WORK REQUEST: The records that follow are to be repeated exactly, without any pictures.
####
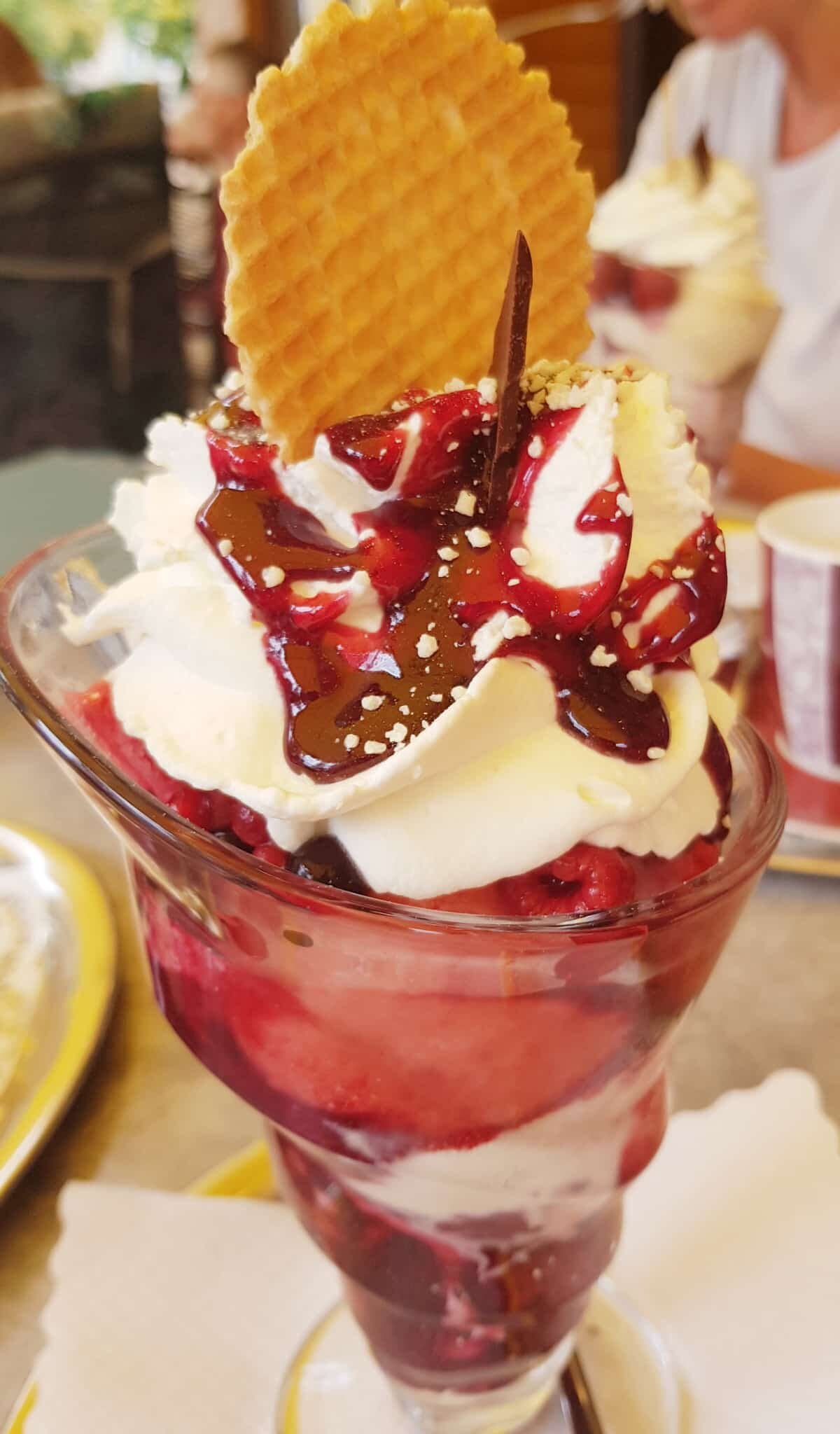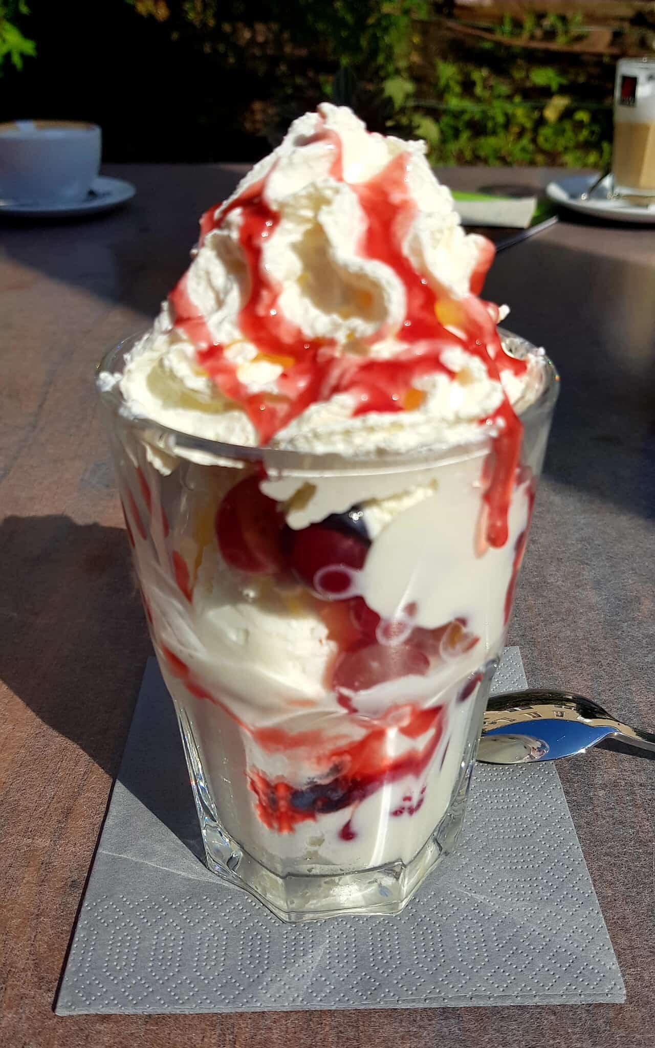 Da wir dann im Café in der Sonne den Kuchen oder den Eisbecher genießen konnten, war die Gruppe sehr zufrieden.
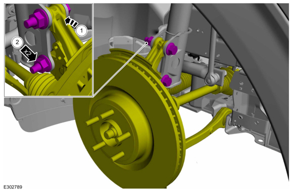УВЕДОМЛЕНИЕ: Крепления подвески являются важными деталями, влияющими на работоспособность жизненно важных узлов и систем. Выход из строя этих креплений может привести к значительным расходам на обслуживание. Используйте одинаковые или эквивалентные детали, если замена необходима. Не используйте запасную часть меньшего качество или альтернативный дизайн. Затяните крепления, как указано.
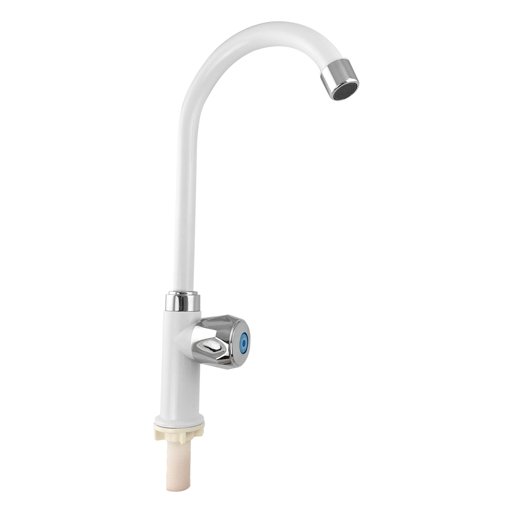 Кран на одну воду, из высокопрочного пластика АБС, белый, с хромированным аэратором для экономии воды, с высоким изливом. Крепление резьба - гайка. Кранбукса м/к, хромированная круглая ручка, поворот на 90˚. Габаритные размеры: высота 325 мм, длина 175 мм, диаметр посадочного седла 45 мм, длина резьбы 55 мм. Вес - 0,250 кг, объём - 0,00143 м3. В комплекте корпус, паспорт, крепёж.
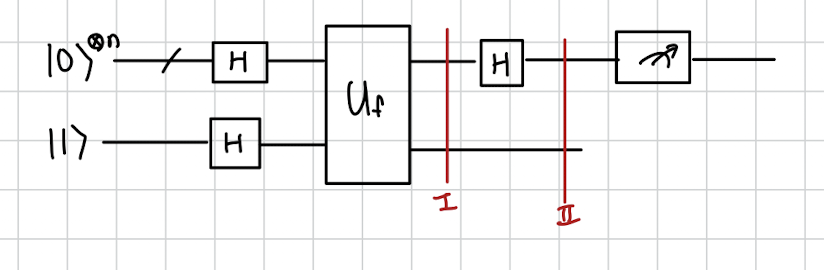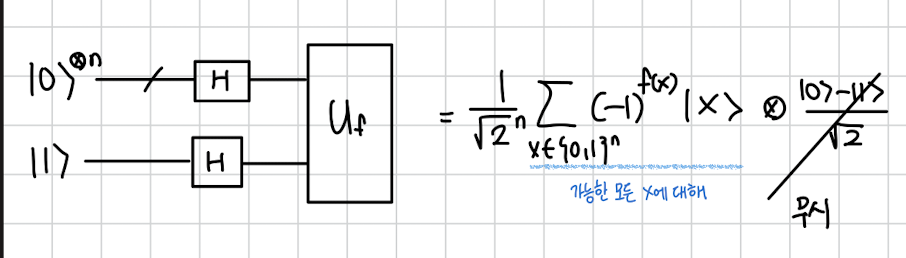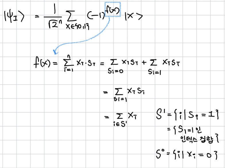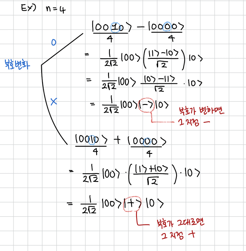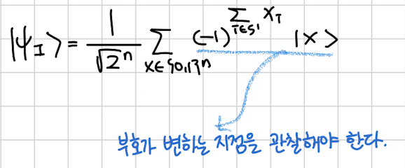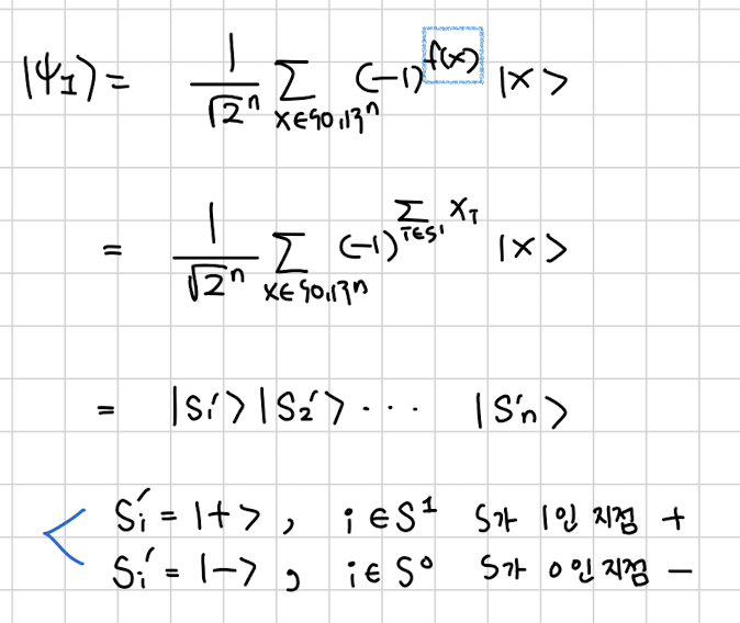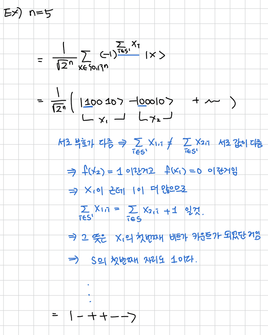 여기까지 가능한 모든 n 비트 x에 대해 각 f(x)값이 x의 부호를 결정하는 superposition상태가 완성되었다.
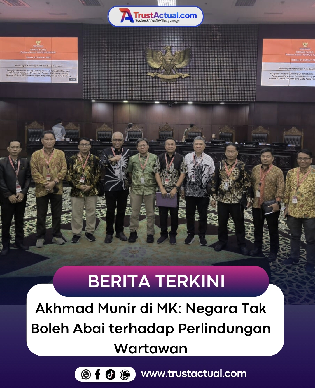 “Pasal 8 UU Pers adalah jaminan konstitusional bagi wartawan dalam menjalankan tugas jurnalistik. Negara berkewajiban memastikan perlindungan itu benar-benar dirasakan di lapangan,” ujar Munir di hadapan majelis hakim MK.
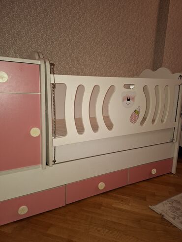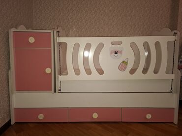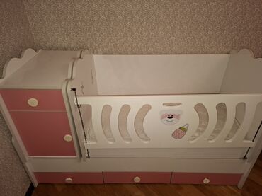 Uşaq beşiyi – funksional və rahat model - Material: ağ və taxta effektli yan panellər (rustik boz-ağ tekstura), möhkəm konstruksiya - Ön tərəf: aşağı-yuxarı hərəkət edən qoruyucu barmaqlıq (əl ilə...
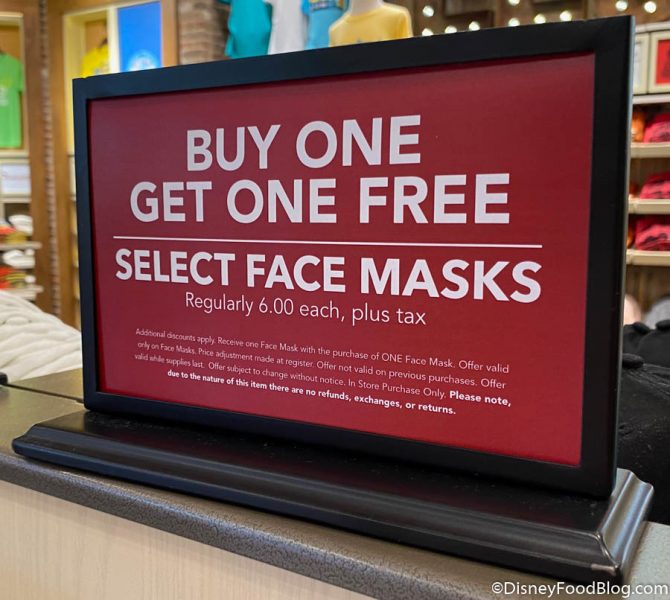 At World of Disney in Downtown Disney, we spotted that face masks are now buy one, get one free. As a reminder, the standard price for these masks is $6 each.
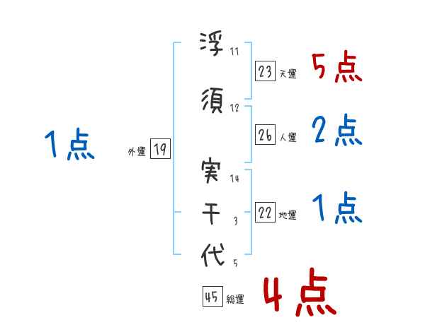 外運![]() | 浮須実千代さんの外運は19画の1つ星!優れた才能を持ちますが、協調性が足りないことも。周りの人と協力する事を意識しましょう。 生活面を象徴する運勢です。外部から受ける影響力を表し、結婚運、家庭運や職場、環境への順応性を表します。 |
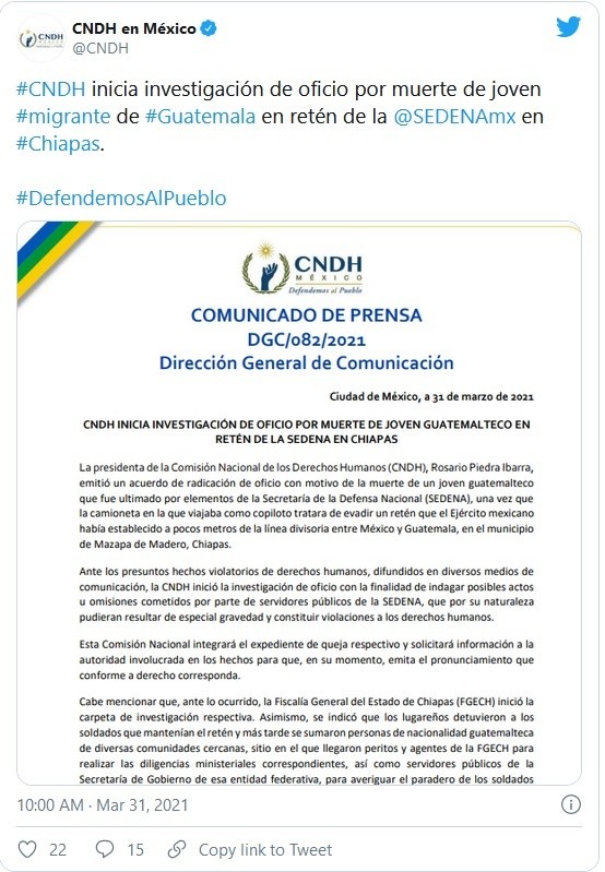 La Comisión Nacional de los Derechos Humanos (CNDH) realizará una investigación sobre el asesinato de Elvin Mazariegos Pérez, un migrante guatemalteco quien perdió la vida luego de que un elemento de la Secretaría de la Defensa Nacional (Sedena) le disparó en un retén ubicado en los límites de Chiapas y Guatemala, en el municipio Mazapa de Madero.La CNDH abrió un expediente de queja de oficio para indagar el abuso cometido por el personal militar en contra del migrante, quien no cometió ningún tipo de agresión contra los elementos de seguridad previo al disparo que recibió."Ante los presuntos hechos violatorios de derechos humanos, difundidos en diversos medios de comunicación, la CNDH inició la investigación de oficio con la finalidad de indagar posibles actos u omisiones cometidos por parte de servidores públicos de la Sedena, que por su naturaleza pudieran resultar de especial gravedad y constituir violaciones a los derechos humanos", señaló la CNDH en un comunicado de prensa.Estos hechos ocurridos el lunes pasado ya fueron lamentados incluso por el secretario de la Defensa Nacional, Luis Cresencio Sandoval, quien admitió que el militar que realizó el disparo contra el migrante tuvo una "reacción errónea". Frente a estos hechos, la CNDH expresó que entrará en contacto con la Sedena para allegarse de más elementos en su investigación."Esta Comisión Nacional integrará el expediente de queja respectivo y solicitará información a la autoridad involucrada en los hechos para que, en su momento, emita el pronunciamiento que conforme a derecho corresponda", agregó la CNDH.JM
####
ANSWER TO THE PROBLEM:
 Da wir dann im Café in der Sonne den Kuchen oder den Eisbecher genießen konnten, war die Gruppe sehr zufrieden.
УВЕДОМЛЕНИЕ: Крепления подвески являются важными деталями, влияющими на работоспособность жизненно важных узлов и систем. Выход из строя этих креплений может привести к значительным расходам на обслуживание. Используйте одинаковые или эквивалентные детали, если замена необходима. Не используйте запасную часть меньшего качество или альтернативный дизайн. Затяните крепления, как указано.
 Кран на одну воду, из высокопрочного пластика АБС, белый, с хромированным аэратором для экономии воды, с высоким изливом. Крепление резьба - гайка. Кранбукса м/к, хромированная круглая ручка, поворот на 90˚. Габаритные размеры: высота 325 мм, длина 175 мм, диаметр посадочного седла 45 мм, длина резьбы 55 мм. Вес - 0,250 кг, объём - 0,00143 м3. В комплекте корпус, паспорт, крепёж.
 여기까지 가능한 모든 n 비트 x에 대해 각 f(x)값이 x의 부호를 결정하는 superposition상태가 완성되었다.
 “Pasal 8 UU Pers adalah jaminan konstitusional bagi wartawan dalam menjalankan tugas jurnalistik. Negara berkewajiban memastikan perlindungan itu benar-benar dirasakan di lapangan,” ujar Munir di hadapan majelis hakim MK.
 Uşaq beşiyi – funksional və rahat model - Material: ağ və taxta effektli yan panellər (rustik boz-ağ tekstura), möhkəm konstruksiya - Ön tərəf: aşağı-yuxarı hərəkət edən qoruyucu barmaqlıq (əl ilə...
 At World of Disney in Downtown Disney, we spotted that face masks are now buy one, get one free. As a reminder, the standard price for these masks is $6 each.
 外運![]() | 浮須実千代さんの外運は19画の1つ星!優れた才能を持ちますが、協調性が足りないことも。周りの人と協力する事を意識しましょう。 生活面を象徴する運勢です。外部から受ける影響力を表し、結婚運、家庭運や職場、環境への順応性を表します。 |
 La Comisión Nacional de los Derechos Humanos (CNDH) realizará una investigación sobre el asesinato de Elvin Mazariegos Pérez, un migrante guatemalteco quien perdió la vida luego de que un elemento de la Secretaría de la Defensa Nacional (Sedena) le disparó en un retén ubicado en los límites de Chiapas y Guatemala, en el municipio Mazapa de Madero.La CNDH abrió un expediente de queja de oficio para indagar el abuso cometido por el personal militar en contra del migrante, quien no cometió ningún tipo de agresión contra los elementos de seguridad previo al disparo que recibió."Ante los presuntos hechos violatorios de derechos humanos, difundidos en diversos medios de comunicación, la CNDH inició la investigación de oficio con la finalidad de indagar posibles actos u omisiones cometidos por parte de servidores públicos de la Sedena, que por su naturaleza pudieran resultar de especial gravedad y constituir violaciones a los derechos humanos", señaló la CNDH en un comunicado de prensa.Estos hechos ocurridos el lunes pasado ya fueron lamentados incluso por el secretario de la Defensa Nacional, Luis Cresencio Sandoval, quien admitió que el militar que realizó el disparo contra el migrante tuvo una "reacción errónea". Frente a estos hechos, la CNDH expresó que entrará en contacto con la Sedena para allegarse de más elementos en su investigación."Esta Comisión Nacional integrará el expediente de queja respectivo y solicitará información a la autoridad involucrada en los hechos para que, en su momento, emita el pronunciamiento que conforme a derecho corresponda", agregó la CNDH.JM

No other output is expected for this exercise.